• [Problem details]
Retype the material that follows exactly, limited to the lines from the one with "Prezident İlham Əliyev" through the one with "A snap-front flap", and keep out all pictures.

(Beginning of Information shown)

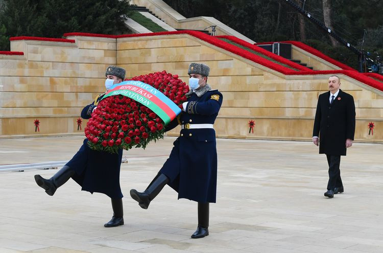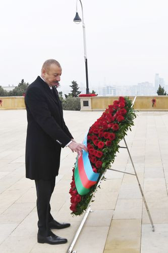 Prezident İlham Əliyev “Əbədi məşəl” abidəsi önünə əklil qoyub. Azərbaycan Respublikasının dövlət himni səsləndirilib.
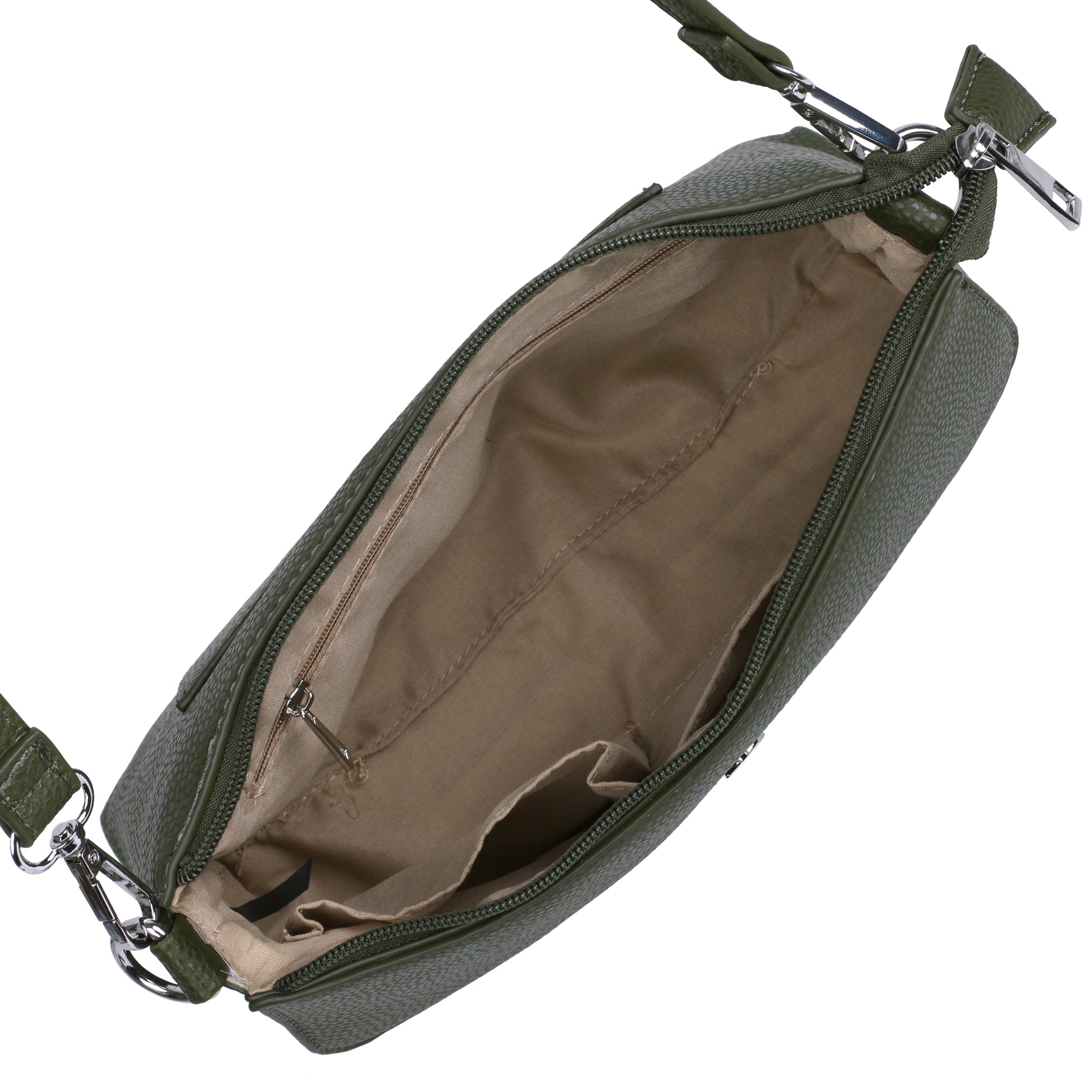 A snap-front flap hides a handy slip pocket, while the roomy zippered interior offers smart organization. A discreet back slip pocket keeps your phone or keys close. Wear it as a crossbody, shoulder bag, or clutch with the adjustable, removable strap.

(End of Information shown)
(Beginning of Information shown)

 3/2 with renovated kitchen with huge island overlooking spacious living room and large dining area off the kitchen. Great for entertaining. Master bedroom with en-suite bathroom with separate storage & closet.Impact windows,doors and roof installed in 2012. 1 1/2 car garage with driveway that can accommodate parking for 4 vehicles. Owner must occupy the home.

(End of Information shown)
(Beginning of Information shown)

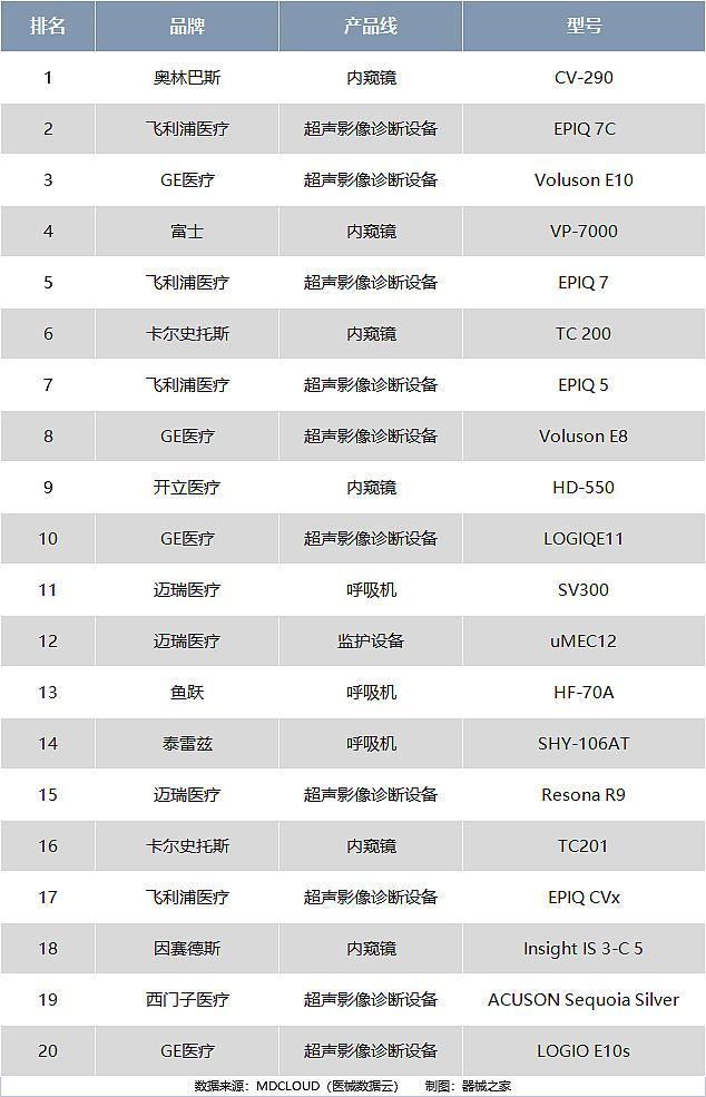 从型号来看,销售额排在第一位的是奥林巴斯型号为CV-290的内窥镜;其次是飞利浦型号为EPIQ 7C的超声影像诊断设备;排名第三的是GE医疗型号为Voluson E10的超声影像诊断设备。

(End of Information shown)

• [Response]
 Prezident İlham Əliyev “Əbədi məşəl” abidəsi önünə əklil qoyub. Azərbaycan Respublikasının dövlət himni səsləndirilib.
 A snap-front flap hides a handy slip pocket, while the roomy zippered interior offers smart organization. A discreet back slip pocket keeps your phone or keys close. Wear it as a crossbody, shoulder bag, or clutch with the adjustable, removable strap.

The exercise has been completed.